Hi!
I am using goseq on some bovine data and I am using Ensembl IDs for bovine genome UMD3.1, which is not supported by goseq, so I had to input lenght and GO information manually. I tried obtaining length information 2 ways: 1) from featCounts files results; 2) from biomaRt.
Both gave me weirdly shaped plots.
Not sure if I'm doing something wrong. The graphs are in totally opposite direction then I expected them to be ( instead of going up and stabilizing as I expected, they are going down).
Below are the codes of how I obtained length info and plots, as well as the plots
1) Using featureCounts results:
featCountsData <- read.table("charolais_145A_TGACCA.featCounts.txt", header=TRUE, comment.char = "#", sep="\t")
featCountsLengthData <- as.numeric(featCountsData[,"Length"])
names(featCountsLengthData) <- featCountsData$Geneid
LenData <- names(geneLengthData) %in% names(genes)
LenData <- geneLengthData[LenData]
pwf <- nullp(DEgenes = genes, bias.data = LenData, plot.fit = TRUE)
2) Using Biomart:
txsData <- makeTxDbFromBiomart(biomart ="ensembl", dataset = "btaurus_gene_ensembl")
txsByGene <- transcriptsBy(txsData,"gene")
geneLengthData <- median(width(txsByGene))
BiomartLenData <- names(geneLengthData) %in% names(genes)
BiomartLenData <- geneLengthData[testLenData]
pwf <- nullp(DEgenes = genes, bias.data = testLenData, plot.fit = TRUE)
PLOT 1: Length info obtained from featureCounts:
https://drive.google.com/file/d/0B6Ho35U9KAepTGxuR0FxdXc5UUU/view?usp=sharing
PLOT 2: Length info obtained from biomaRt
https://drive.google.com/file/d/0B6Ho35U9KAepTnk2UGdvQ0VxeUU/view?usp=sharing
Any help is appreciated!
Hi Nadia
Thank you so much for your response and e-mail.
Regarding my analysis previously to go seq, I analyzed my RNA-seq data for differential expression using sva (due to the presence of unknown batch effects) and edgeR. I obtained 507 differentially expressed genes at a 0.01 FDR.
And all genes inputed into goseq were genes significant at 0.25 FDR for an anova analysis (cut-off which I previously used for module detection in WGCNA).
I am not sure if that could have anything to do with the analysis.
Any thoughts?
Thank you!!!
Hi,
What happens if you input all genes and not just those from the anova analysis?
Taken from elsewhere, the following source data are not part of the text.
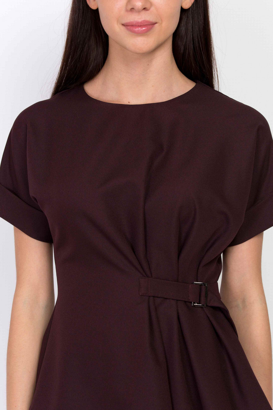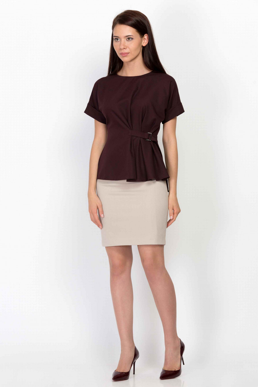 Элегантный ассиметричный блузон. Ткань приятная к телу, эластичная, с легким эффектом глянца. Блузон оформлен аккуратными защипами и поясом с металлической пряжкой, который подчеркивает линию талии. Очень женственная модель, визуально формирует силуэт "песочные часы". Хорошо сочетается с классическими юбками. Образ на фотографии дополняет юбка 202-50/leontiya.
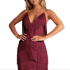 Make a statement in this bold fringe bodycon mini dress, designed to hug your curves and move with you. The spaghetti straps and fringe detailing create a dynamic look that's perfect for nights out and high-energy events. Whether you're hitting the dance floor or attending a chic soirée, this dress guarantees you'll stand out with confidence.
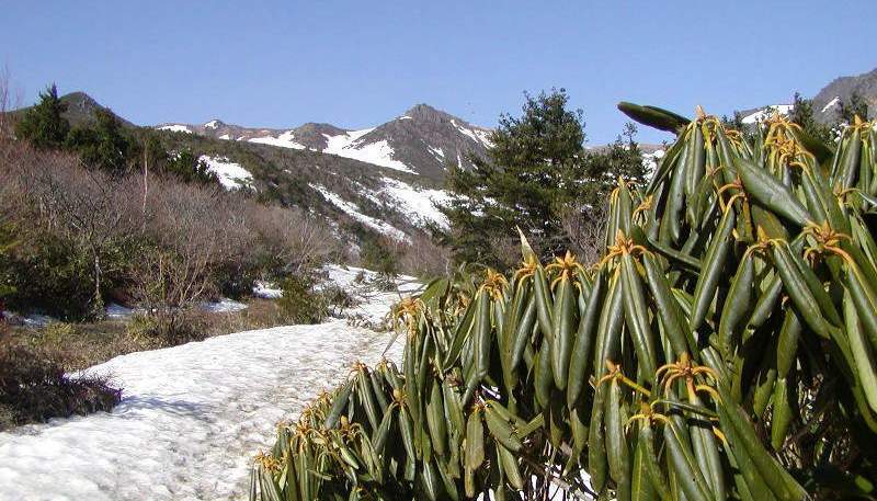 | 薬師岳までの下山は残雪ありぬかるみありで、いやなコースであった。登山道脇のシャクナゲが雪で倒れその上を人間が歩くのでシャクナゲは惨めでした。 |
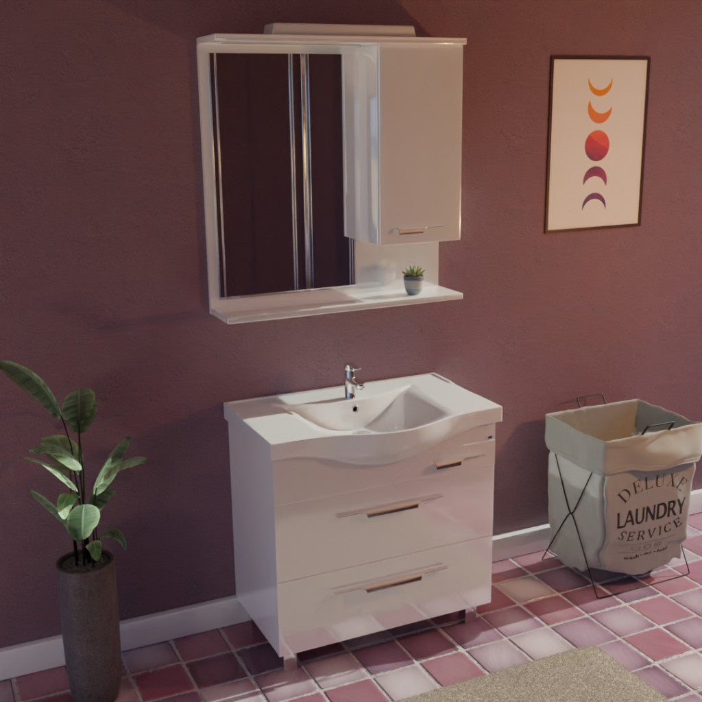 A TMP PLAY tükrös szekrény kevés helyet foglal viszont tágas szekrénnyel rendelkezik ahol kényelmesen elférnek a fürdőszobai pipere eszközök. Kevés helyigénye miatt kisebb fürdőszobák berendezésére is alkalmas. A termék magas minőségű mdf lapból készül. (A további képek között szereplő mosdószekrény mosdókagylóval nem az ajánlat része.)
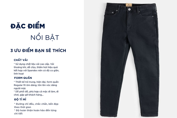- Màu sắc trẻ trung, thanh lịch, rất dễ phối đồ: Có thể mặc với áo sơ mi, áo polo, áo phông,...Quần jean rất đa năng phù hợp cả khi mặc đi chơi, đi tập thể thao hay cũng có thể mặc ở nhà, đi ngủ
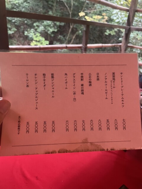 飲み物を聞かれたので母とハンドルキーパーの私はノンアルコールビール(500円)、お連れさんは能勢ジンジャー(500円)を注文。
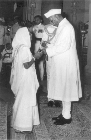President Dr. Rajendra Prasad conferring Padma Vibhushan on Jankidevi Bajaj in the year 1956.
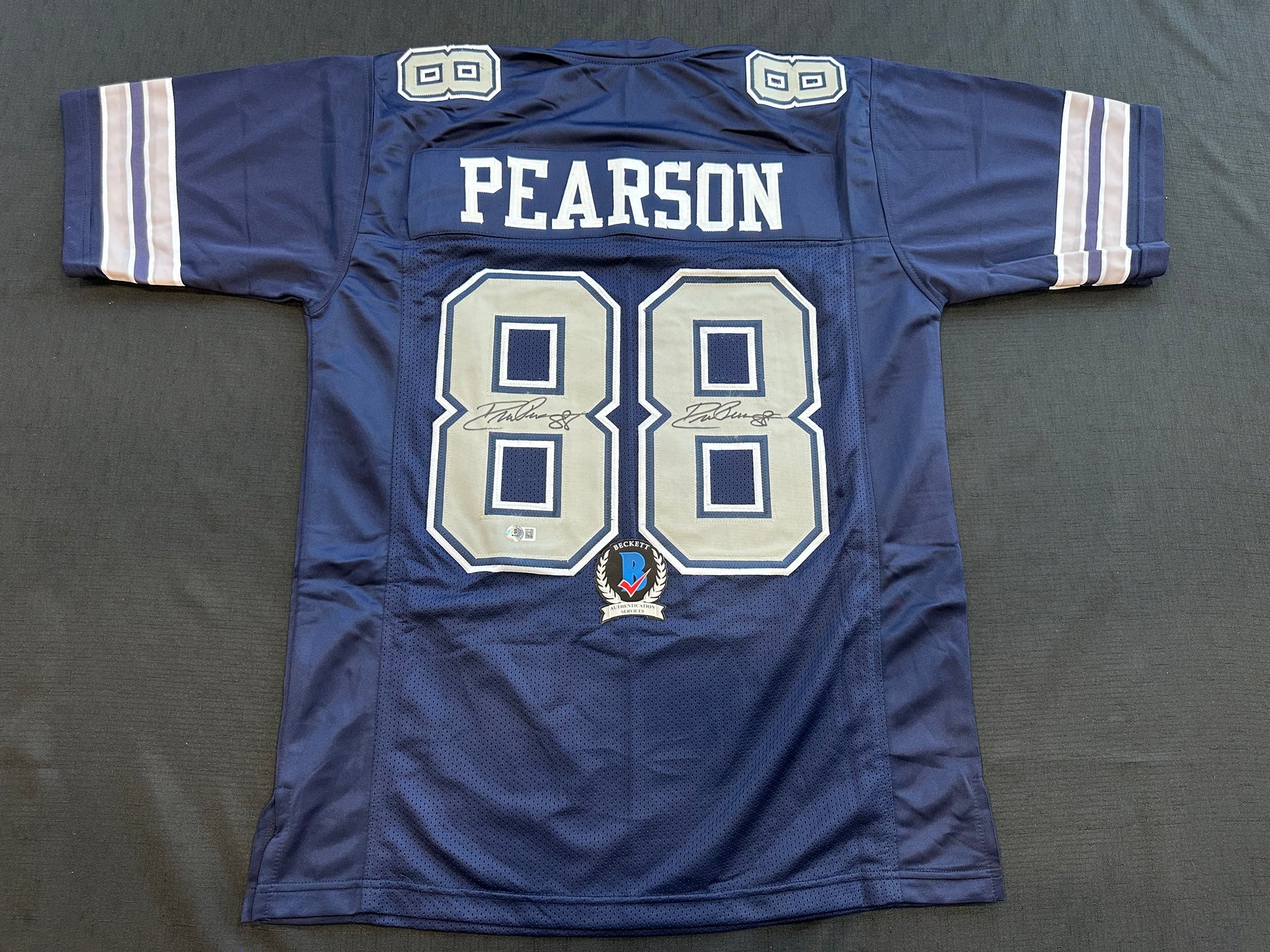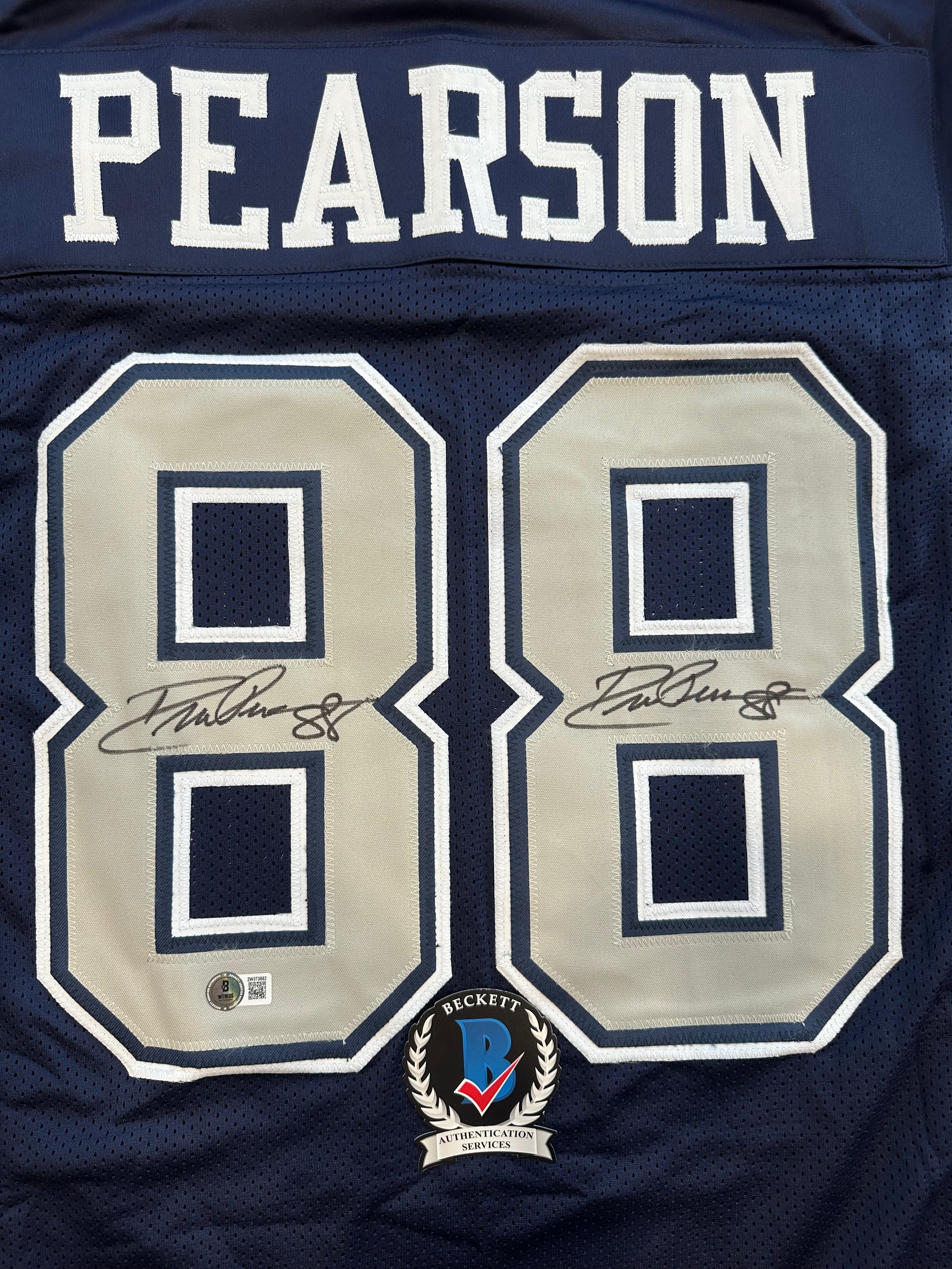 DREW PEARSON DALLAS COWBOYS SIGNED BLUE JERSEY Double Sig BAS

Do you get a regular looking plot. Your analysis sounds a bit different from the one in the vignette, so it seems possible to me that the biases could be different.
Cheers, Nadia.
Hi Nadia!
I tried including all genes in the analysis (without any previous filtering) and now I get a regular plot, like in the tutorial.
It seems like the problem has been solved. Thank you so much for your help!